Il motivo del successo di quattro film. Ok, tre.
Ma Rhona Mitra non la si butta via.

Il vampiro nel XIX secolo era una figura che ispirava terrore. Perché era forte, perché si aggirava nel buio come un predatore, perché si nutriva di ciò che dà la vita a un essere umano: il sangue.
Pallidi, spesso di sembianze orribili (vale per gli uomini: le spose di Dracula sono sempre state gnocche, sin dagli inizi).

Dracula
I vampiri traggono origine dalle leggende popolari dei Balcani e grazie a Bram Stoker si identificano in un mitico capostipite, sagomato sulle sembianze di Vlad III, voivoda di Valacchia, detto Tepesh ossia l'Impalatore, metodo di tortura imparato durante la prigionia turca.
Il padre, Vlad II, faceva parte dell'Ordo Draconis, "Ordine del Drago", e veniva chiamato Dracul, ossia "Diavolo". Questo fece di Vlad III il figlio del diavolo, appellato dai turchi come Principe Impalatore.
Nonostante sia probabile che si sia esagerato molto nel delinearne la figura, che dalla storia sfocia ampiamente nel mito, non era diverso dai monarchi e nobili dell'epoca che, va ricordato, avevano diritto di vita e di morte sul volgo.
Le torture perpetrate da sovrani e dalla religione non si contano (basti pensare a che bagno di sangue diventerà l'Inquisizione spagnola).
Filtrato dalle lenti della storia, Vlad non era niente più di ciò che molti altri furono. Lui ha la "fortuna" di essere stato ripescato da Stoker che ne ha fatto un'icona con i lunghi canini.
Nel romanzo Dracula varca il mare per giungere a Londra, da dove inizierà la spietata caccia di Abraham Van Helsing.

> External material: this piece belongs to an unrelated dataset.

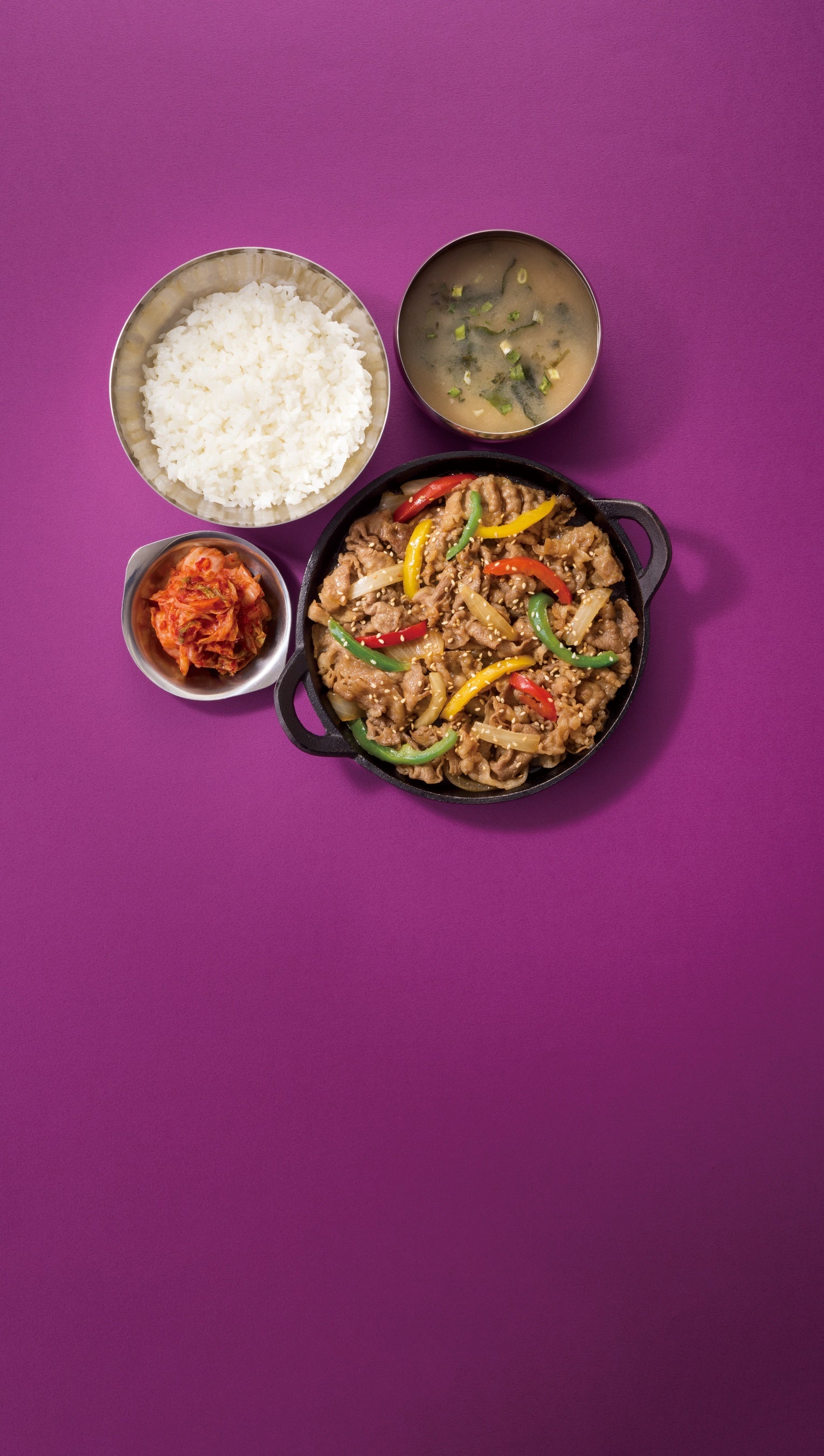 『鉄板牛プルコギ定食』は、旨みたっぷりの牛肉に玉ねぎと3色ピーマンを加え五感と食欲を刺激する仕立てとなっています。お客様には、鉄板に盛り付けた牛肉、玉ねぎ、3色ピーマンを、火の付いた五徳で熱々の状態で提供します。商品が運ばれてくる時から、甘辛たれとごま油の香ばしい香りが立ちのぼり、特製プルコギたれをかけると「ジュージュー」と食欲をそそる音が響きます。

Purtroppo non questo Van Helsing.
Questo si chiama "Gabriel" e diventerà un mutante-rasoio.


I vampiri di oggi

Lasciate che vi spieghi perché piace ancora il vampiro: perché è l'incarnazione della parola "sexy". Si vestono tutti di nero, hanno per la maggior parte i capelli lunghi e se sono vecchi hanno le facce di Davy Jones e Tiwyn Lannister, per cui ti calerebbero le vesti a un loro cenno anche senza gerontofilia.
Oggi il vampiro incarna la mela dell'Eden, che non si può avere ma che si vuole a tutti i costi, è la parte brutale dell'anima umana portata alle estreme conseguenze. Quando va bene.
Quante budella e quanto sangue che ho visto ieri in "Underworld: Awakening"!
Fino a inizio proiezione, essendo arrivata in ritardo, credevo di essere finita a guardare qualcos'altro tipo Babby l'Orsetto, perché dentro il cinema c'era una presenza sovrannaturale di bambini.
Giuro: per ogni adulto ci saranno stati tre bambini. Bambini disciplinatissimi che non hanno fatto neanche "bah" quando venivano tolte spine dorsali dalla bocca (l'aver visto una scena simile in Species non mi fa ancora andare tranquilla ai bagni pubblici).
Mi capirete se dico che the times they are a-changin'.
Non voglio lanciare un'invettiva contro l'ultimo film della saga, che mi è piaciuto più di tutti gli altri in blocco (e sapete perché? Botte e sangue dall'inizio alla fine, invece che spiegoni e dialogoni. Vai così!), però True Blood ci ha insegnato che i vampiri non hanno ghiandole lacrimali. Perchè Kate continua a piangere per tutto il film lacrime normali?
Senza contare che respira con grande evidenza, ANZI! Quando un vampiro generico si ferisce continua ad ansimare in maniera palese e infine, perla delle perle (e ovviamente spoiler degli spoiler), a un certo punto ne rianima uno infilandogli una mano nello stomaco e arrivando a pompare con le dita il cuore.
A cosa serve un cuore che pompa a un vampiro?
Ricordo che il suo ha smesso di battere da tempo.
Si perdona tutto perché ha un kill counter altissimo e tra tutti e tre sterminano una tale quantità di lycan da chiamare la protezione animali.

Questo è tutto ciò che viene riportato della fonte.